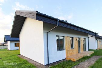На первом этаже расположена просторная кухня-гостиная 30.2 кв.м с выходом на террасу - 24 кв.м, 3 спальни, санузел, гардеробная. В доме выполнена предчистовая WhiteBox отделка стен, теплый пол по всей площади. В доме сделаны закладные под кондиционер и установлены клапана приточной вентиляции в комнатах.
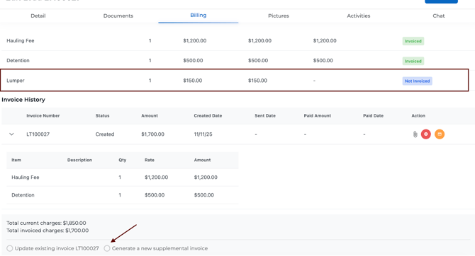 In Truckpedia's Load Charge V2 and Invoice V2 system, you can generate supplemental invoices for scenarios where additional charges (such as detention, layovers, or accessorials) were missed in the initial invoice. These are treated as separate invoice documents with distinct identifiers but are linked to the same load.
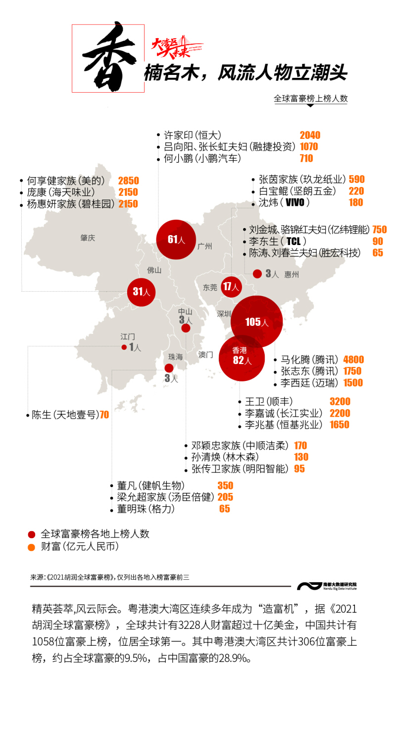 粤港澳大湾区,这个“充满活力的世界级城市群”,产业体系完备,经济互补性强,区域竞争力强大,拥有651家A股上市公司、108家中国500强民企、306位《2021胡润全球富豪榜》上榜富豪……南都大数据研究院梳理大湾区城市8组数据,多角度呈现粤港澳大湾区的“风华正茂”“活色生香”。
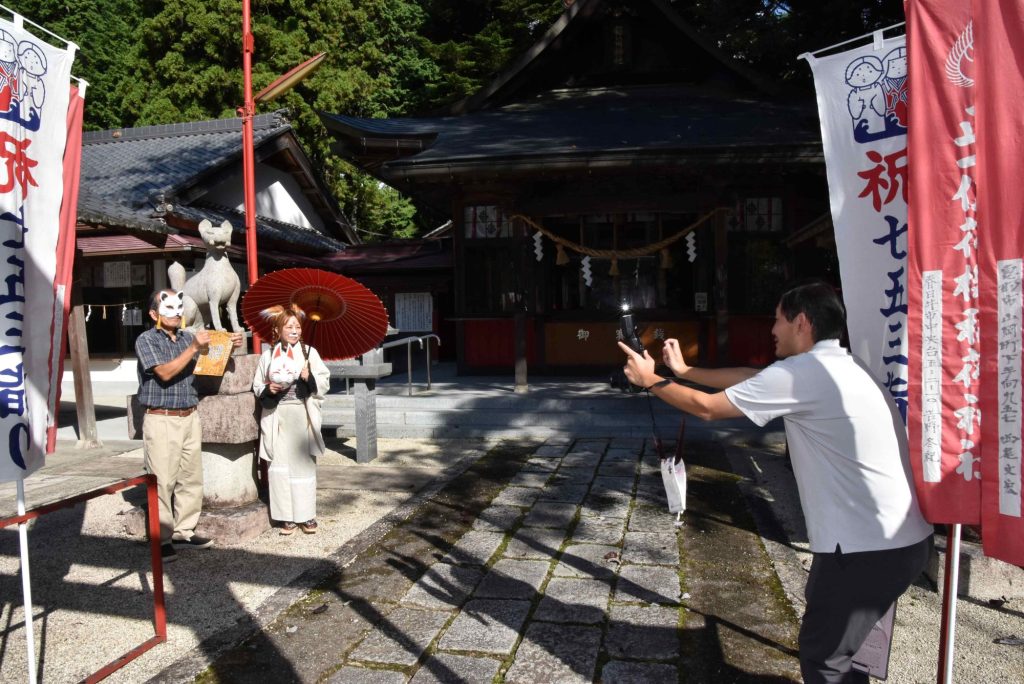 仮装盆踊りキツネの姿など、仮装して参加しましょう。
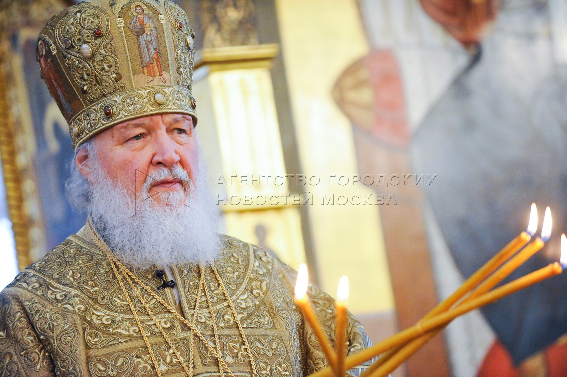 Патриарх Московский и всея Руси Кирилл (слева) во время божественной литургии в П...

____________

> Task to complete
What you return must match the records line for line, with the pictures left out.

> Result
На первом этаже расположена просторная кухня-гостиная 30.2 кв.м с выходом на террасу - 24 кв.м, 3 спальни, санузел, гардеробная. В доме выполнена предчистовая WhiteBox отделка стен, теплый пол по всей площади. В доме сделаны закладные под кондиционер и установлены клапана приточной вентиляции в комнатах.
 In Truckpedia's Load Charge V2 and Invoice V2 system, you can generate supplemental invoices for scenarios where additional charges (such as detention, layovers, or accessorials) were missed in the initial invoice. These are treated as separate invoice documents with distinct identifiers but are linked to the same load.
 粤港澳大湾区,这个“充满活力的世界级城市群”,产业体系完备,经济互补性强,区域竞争力强大,拥有651家A股上市公司、108家中国500强民企、306位《2021胡润全球富豪榜》上榜富豪……南都大数据研究院梳理大湾区城市8组数据,多角度呈现粤港澳大湾区的“风华正茂”“活色生香”。
 仮装盆踊りキツネの姿など、仮装して参加しましょう。
 Патриарх Московский и всея Руси Кирилл (слева) во время божественной литургии в П...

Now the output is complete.